6. The liquid crystal aligning agent according to claim 3, wherein: the solvent component is one or more of N-methyl-2-pyrrolidone, gamma-butyrolactone, N-dimethylacetamide, N-dimethylformamide, ethylene glycol monomethyl ether, ethylene glycol monoethyl ether, ethylene glycol monobutyl ether, ethylene glycol methyl ethyl ether, ethylene glycol dimethyl ether and diethylene glycol monomethyl ether ethyl ester.

7. The liquid crystal aligning agent according to claim 6, wherein: the solvent component comprises an adverse solvent which can not cause polymer precipitation, the adverse solvent is one or more of methanol, ethanol, isopropanol, cyclohexanol, ethylene glycol, acetone, methyl ethyl ketone, methyl isobutyl ketone, cyclobutanone, methyl acetate, ethyl acetate, butyl acetate, diethyl ether, ethylene glycol monomethyl ether, ethylene glycol monoethyl ether, ethylene glycol monobutyl ether, ethylene glycol methyl ethyl ether, ethylene glycol dimethyl ether, tetrahydrofuran, dichloromethane, chlorobenzene and 1, 2-dichloroethane, and the adverse solvent accounts for 0-50% of the total weight of the solvent component.

8. The liquid crystal aligning agent according to claim 3, wherein: the polymer is synthesized by adding a molecular weight regulator, wherein the molecular weight regulator is one or more of maleic anhydride, phthalic anhydride, o-cyclohexane dicarboxylic anhydride, succinic anhydride, aniline, n-butylamine, n-pentylamine, n-hexylamine, n-heptylamine, n-octylamine, phenyl isocyanate and naphthyl isocyanate, and the molar ratio of the molecular weight regulator to the tetracarboxylic dianhydride component a is 0.01-10: 100.
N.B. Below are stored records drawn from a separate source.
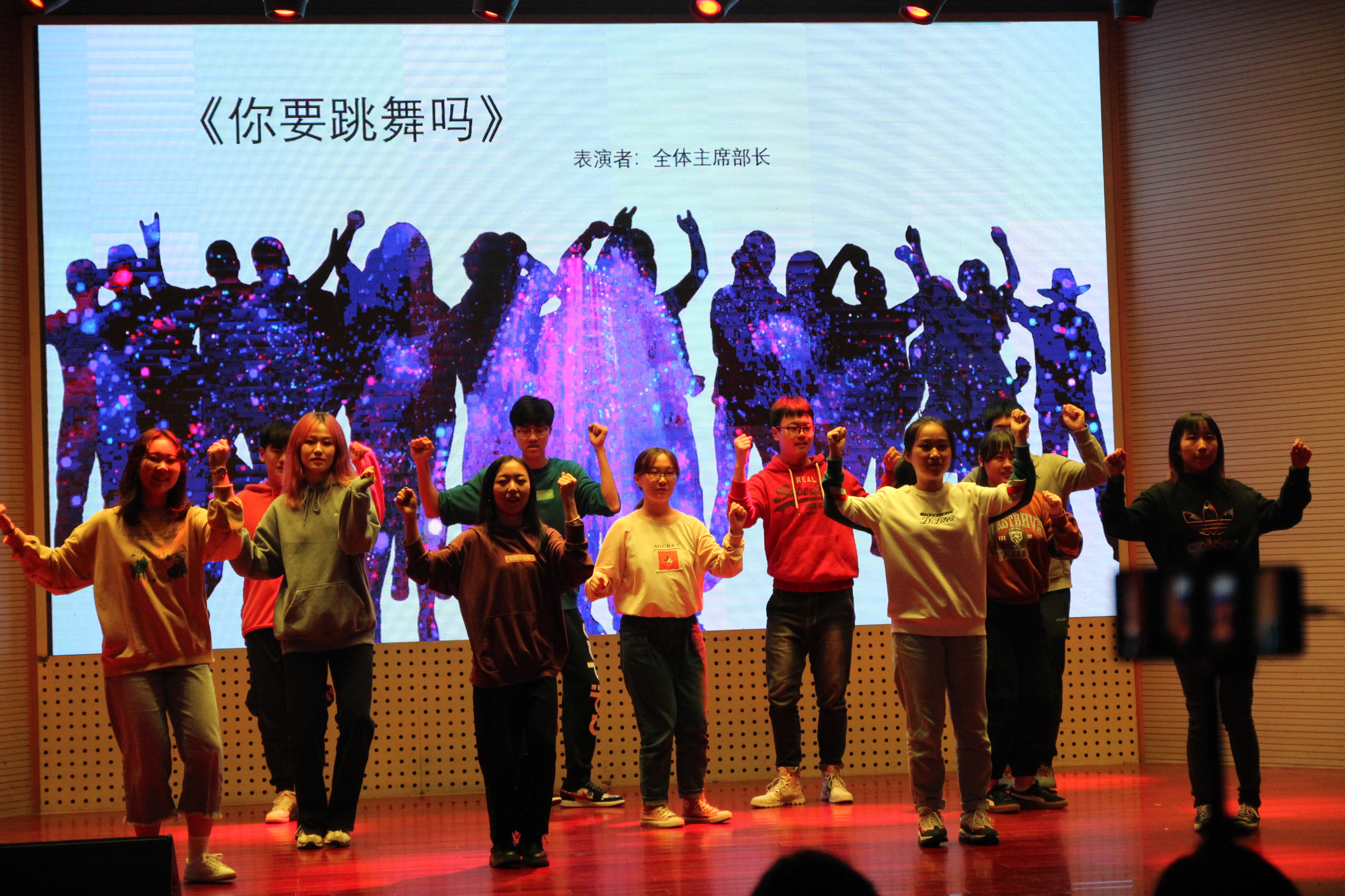 团委 学生会主席团成员为我们带来舞蹈表演《你要跳舞吗》,欢快的音乐,活跃的舞姿,尽展青年风采。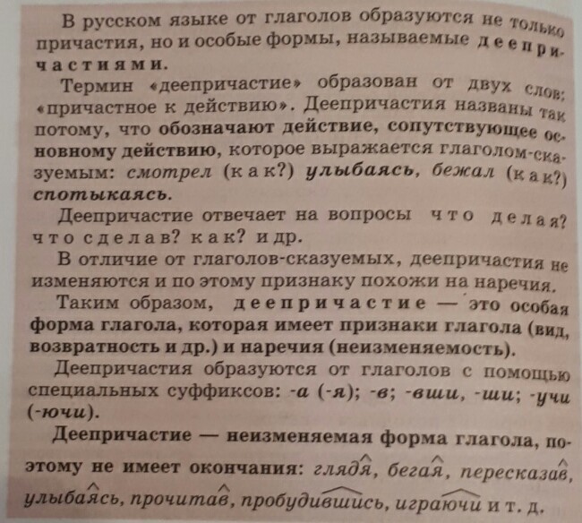 1. Деепричастие - самостоятельная часть речи, которая обозначает добавочное действие при основном действии, выраженным глаголом.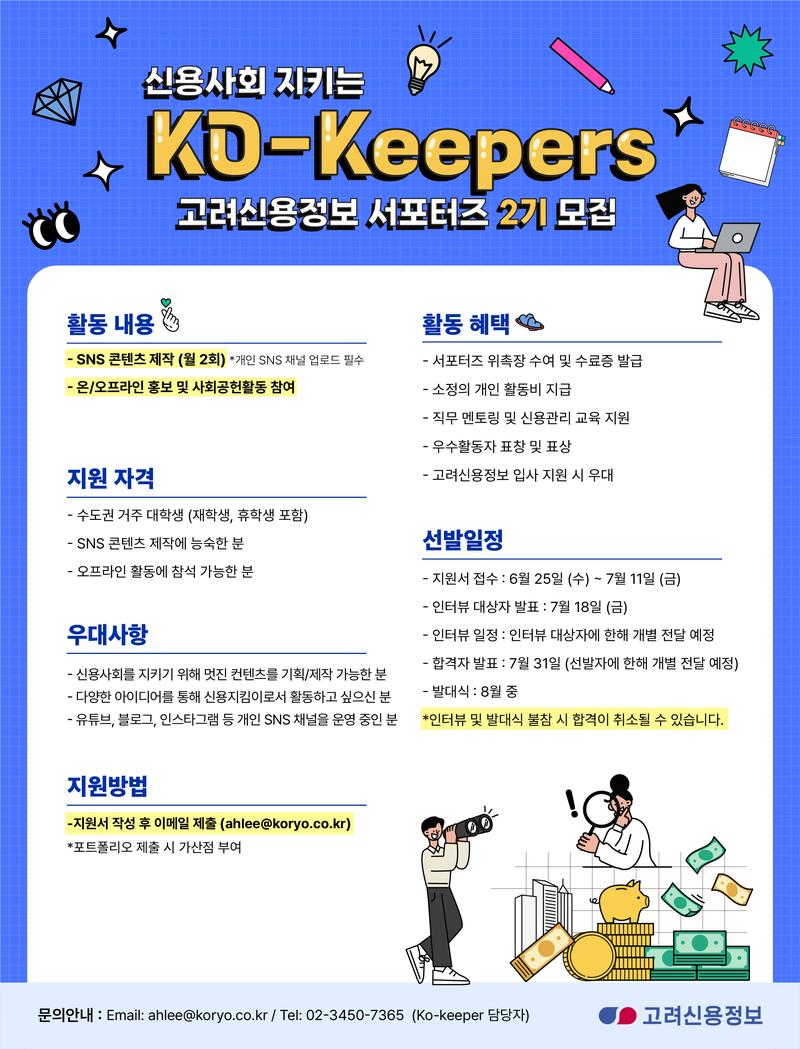 고려신용정보 대학생 서포터즈 Ko-keeper 2기를 모집합니다.

9. the liquid crystal aligning agent according to claim 3, wherein: the additive is epoxy additive and/or silane compound additive with functional groups, the addition amount of the epoxy additive is 0.1-20% of the total weight of the polymer, and the addition amount of the silane compound additive with functional groups is 0.1-10% of the total weight of the polymer;

the epoxy additive is one or more of ethylene glycol diglycidyl ether, polyethylene glycol diglycidyl ether, propylene glycol diglycidyl ether, polypropylene glycol diglycidyl ether, 1, 6-hexanediol diglycidyl ether, glycerol diglycidyl ether, N, N, N ', N ' -tetracyclooxypropyl-m-xylene diamine, N, N, N ', N ' -tetracyclooxypropyl-4, 4 ' -diaminodiphenylmethane or 3- (N, N-diglycidyl) aminopropyltrimethoxysilane;

the silane compound additive with functional groups is one or more of 3-aminopropyltrimethoxysilane, 3-aminopropyltriethoxysilane, 2-aminopropyltrimethoxysilane, 3-aminopropyltriethoxysilane, N- (2-aminoethyl) -3-aminopropyltrimethoxysilane, N- (2-aminoethyl) -3-aminopropylmethyldimethoxysilane, N-phenyl-3-aminopropyltrimethoxysilane or N-bis (oxyethylene) -3-aminopropyltriethoxysilane.

10. Use of the liquid crystal aligning agent according to any one of claims 3 to 9 in a liquid crystal alignment film and/or a liquid crystal display element.